Assignment
Transcribe exactly the lines from the top of the records below through the line that holds "해당 적금의 가입 요건은", both included, with no pictures.

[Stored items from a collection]
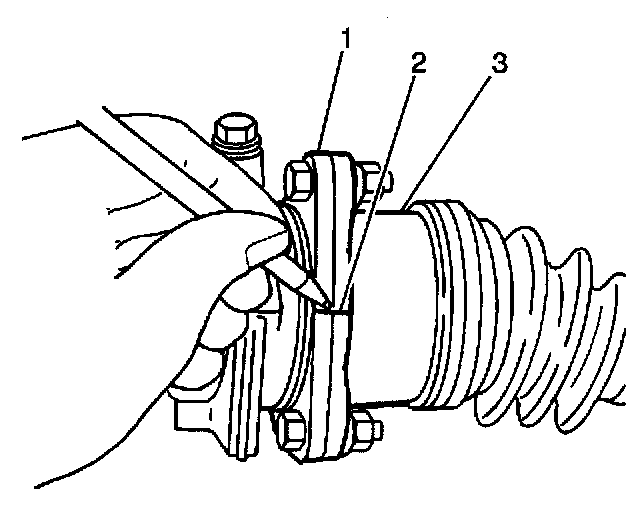 2. Install the differential side joint flange of drive axle shaft to the inner axle shaft flange. Be sure to align the reference marks (2) on the inner axle shaft flange (1) and the differential side joint flange (3) of the drive axle shaft.
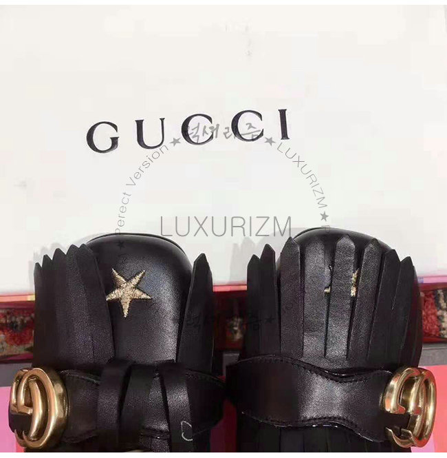 벌과 별 모양 골드 자수 장식의 가죽 폴드 오버 프린지 디테일 더블 G 55mm 힐.
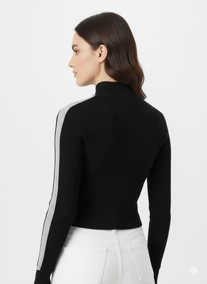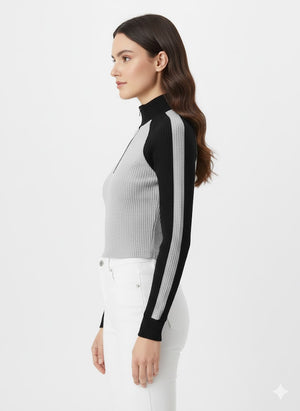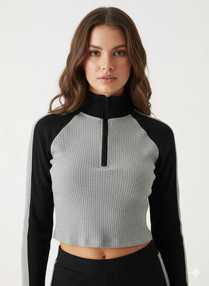 Sporty-Luxe Ribbed Quarter-Zip Crop Top
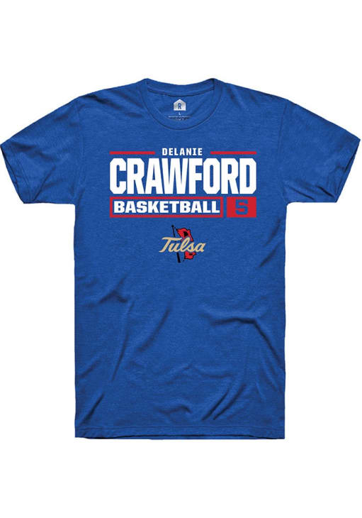 Delanie Crawford Blue Tulsa Golden Hurricane NIL Stacked Box Short Sleeve T Shirt
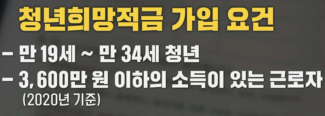 해당 적금의 가입 요건은 만 19세에서 34세 청년 중 2020년에 3,600만 원 이하의 소득이 있는 근로자입니다.
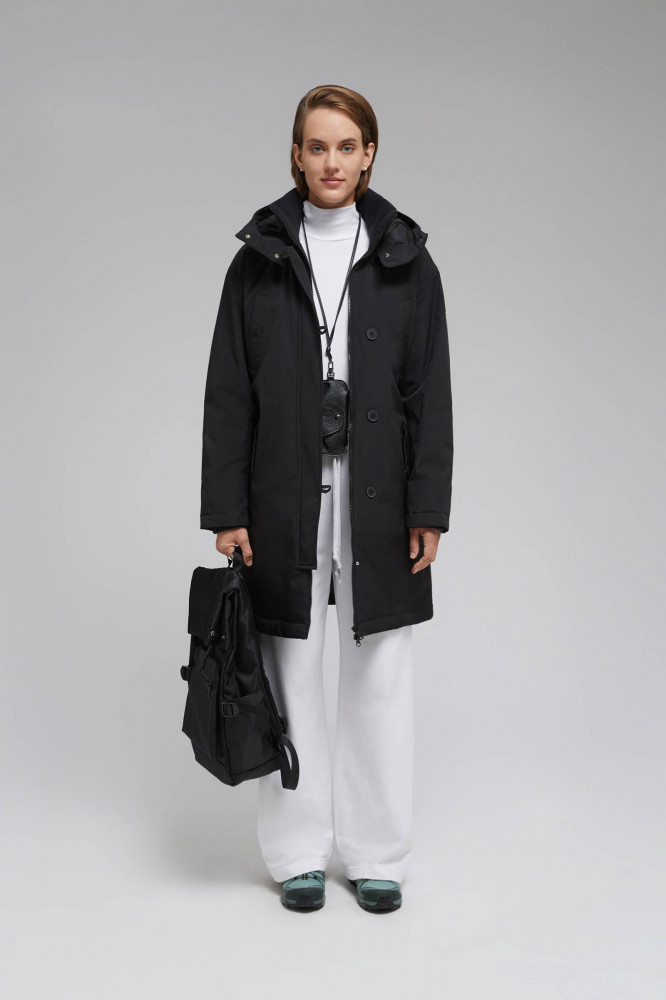 Утепленное пальто с несъемным капюшоном и застежкой на молнию с ветрозащитной планкой — идеальный выбор, чтобы чувствовать себя комфортно в переменчивую ветреную погоду. Внутри пальто высокотехнологичный искусственный утеплитель, который отличается легкостью, а благодаря особой структуре из множества тончайших волокон отлично согревает. Легкий и прочный подклад обработан антибактериальной и полиуретановой пропитками, которые предотвращают развитие микрофлоры и продлевают срок службы изделия. Свободный крой позволяет комфортно надевать под пальто теплые объемные вещи, а эластичные манжеты на резинке защищают от попадания ветра внутрь. Предусмотрены функциональные карманы.
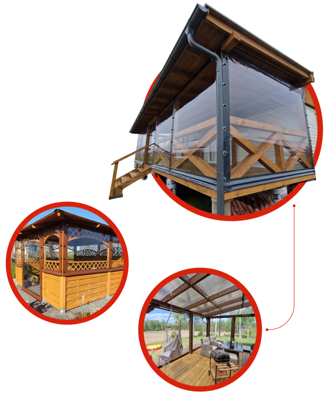 Jako producent plandek wykonujemy transparentne osłony z folii na wymiar chroniące przed wiatrem i deszczem. Idealne do ogródków restauracyjnych i hotelowych, na tarasy oraz do osłony domowego SPA. Sprawdzą się także jako zabudowy altan, pergoli, oranżerii oraz jako ścianki transparentne do stoisk, wiat i magazynów.
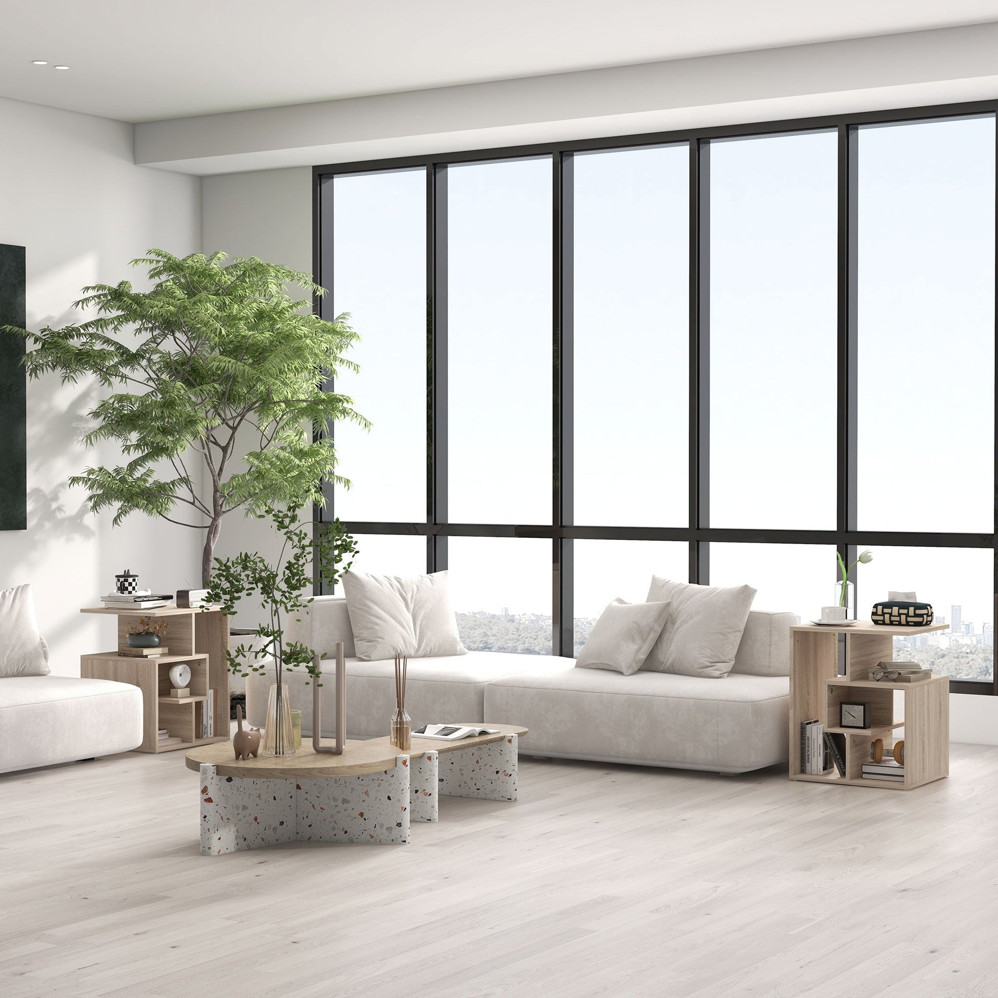 HOMCOM Side Table, 3 Tier End Table with Open Storage Shelves for Living Room, Bedroom, Set of 2, Oak
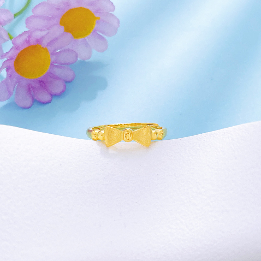 【限时克减150元】足金999 #在逃公主 实心活口戒指砂面公主蝴蝶结圈戒(AUQJZ00041)预售产品下单后不退款不退货不换货不补差价
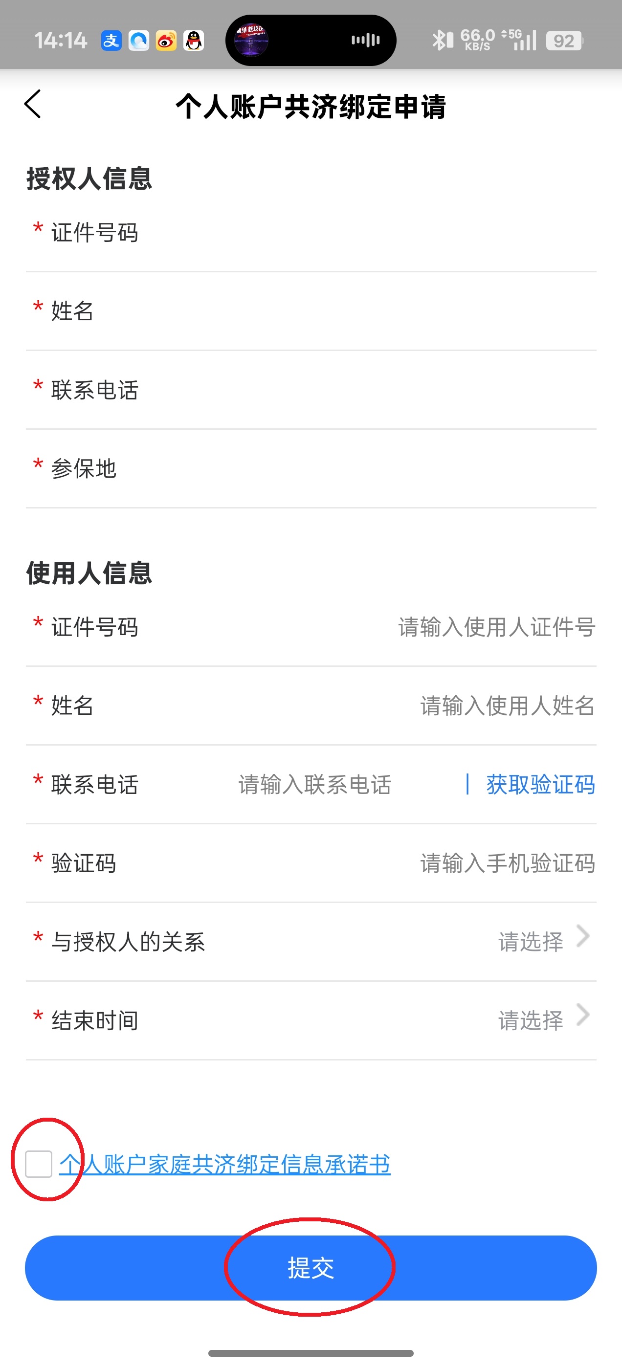6、随后输入相关的真实信息,勾选屏幕下方的“个人账户家庭...”,再点击屏幕下方的“提交”即可。
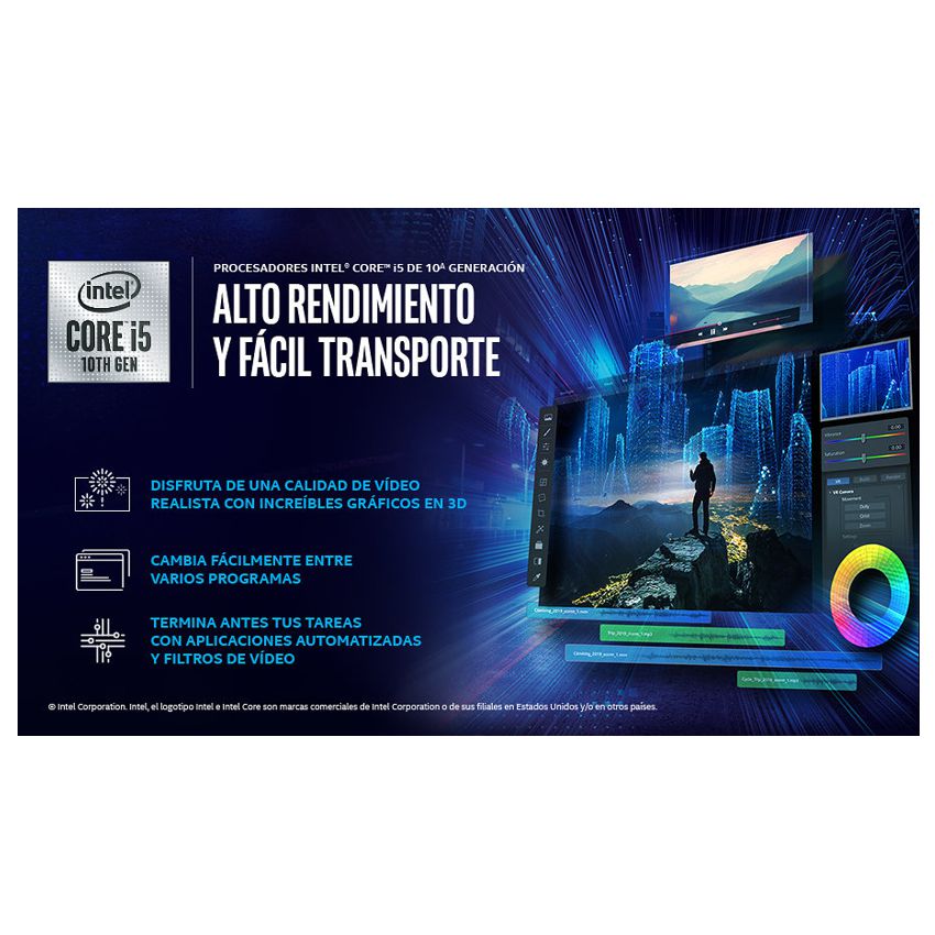 Especificaciones Exhibición Cobertura NTSC (típica) 45% Diagonal de la pantalla 39,6 cm (15.6") Diagonal de pantalla 39,6 cm Espacio de color RGB NTSC Gama de colores 45% Tipo HD HD Retroiluminación LED Si Pantalla táctil No Pantalla antirreflectante Si Pantalla dual No Relación de aspecto nativa 16:9 Resolución de la pantalla 1366 x 768 Pixeles Tecnología de pantalla bisel Micro-Edge Tipo de pantalla SVA Procesador Caché del procesador 6 MB Versión de entradas de PCI Express 3.0 Fabricante de procesador Intel Familia de procesador Intel® Core™ i5 de 10ma Generación Frecuencia del procesador 1 GHz Frecuencia del procesador turbo 3,6 GHz Frecuencia de potencia de diseño térmico configurable-alta 1,2 GHz Frecuencia de potencia de diseño térmico configurable-baja 0,7 GHz Intersección T 100 °C Litografía del procesador 10 nm Modelo del procesador i5-1035G1 Modo de procesador operativo 64 bits Número de núcleos de procesador 4 Número de filamentos de procesador 8 Potencia de diseño térmico (TDP) 15 W Potencia de diseño térmico configurable-alta 25 W Potencia de diseño térmico configurable-baja 13 W Socket de procesador BGA 1526 System bus data transfer rate 4 GT/s Tipo de cache en procesador L3 Puertos e Interfaces Cantidad de puertos tipo A USB 3.2 Gen 1 (3.1 Gen 1) 2 Cantidad de puertos tipo C USB 3.2 Gen 1 (3.1 Gen 1) 1 Combo de salida de auriculares / micrófono del puerto Si Número de puertos HDMI 1 Versión HDMI 1.4b Memoria Disposición de la memoria 1 x 8 GB ECC No Forma de factor de memoria SO-DIMM Memoria interna 8 GB Ranuras de memoria 1x SO-DIMM Tipo de memoria interna DDR4-SDRAM Velocidad de memoria del reloj 2666 MHz Peso y dimensiones Altura 17,9 mm Ancho 358,5 mm Peso 1,69 kg Profundidad 242 mm Control de energía Potencia de adaptador AC 45 W Audio Micrófono incorporado Si Número de altavoces incorporados 2 Detalles técnicos Certificados de sostenibilidad EPEAT Silver, ENERGY STAR Teclado Dispositivo apuntador Touchpad Tablero estilo islas Si Teclado numérico Si Teclado de tamaño completo Si Conexión

Response to the exercise
 2. Install the differential side joint flange of drive axle shaft to the inner axle shaft flange. Be sure to align the reference marks (2) on the inner axle shaft flange (1) and the differential side joint flange (3) of the drive axle shaft.
 벌과 별 모양 골드 자수 장식의 가죽 폴드 오버 프린지 디테일 더블 G 55mm 힐.
 Sporty-Luxe Ribbed Quarter-Zip Crop Top
 Delanie Crawford Blue Tulsa Golden Hurricane NIL Stacked Box Short Sleeve T Shirt
 해당 적금의 가입 요건은 만 19세에서 34세 청년 중 2020년에 3,600만 원 이하의 소득이 있는 근로자입니다.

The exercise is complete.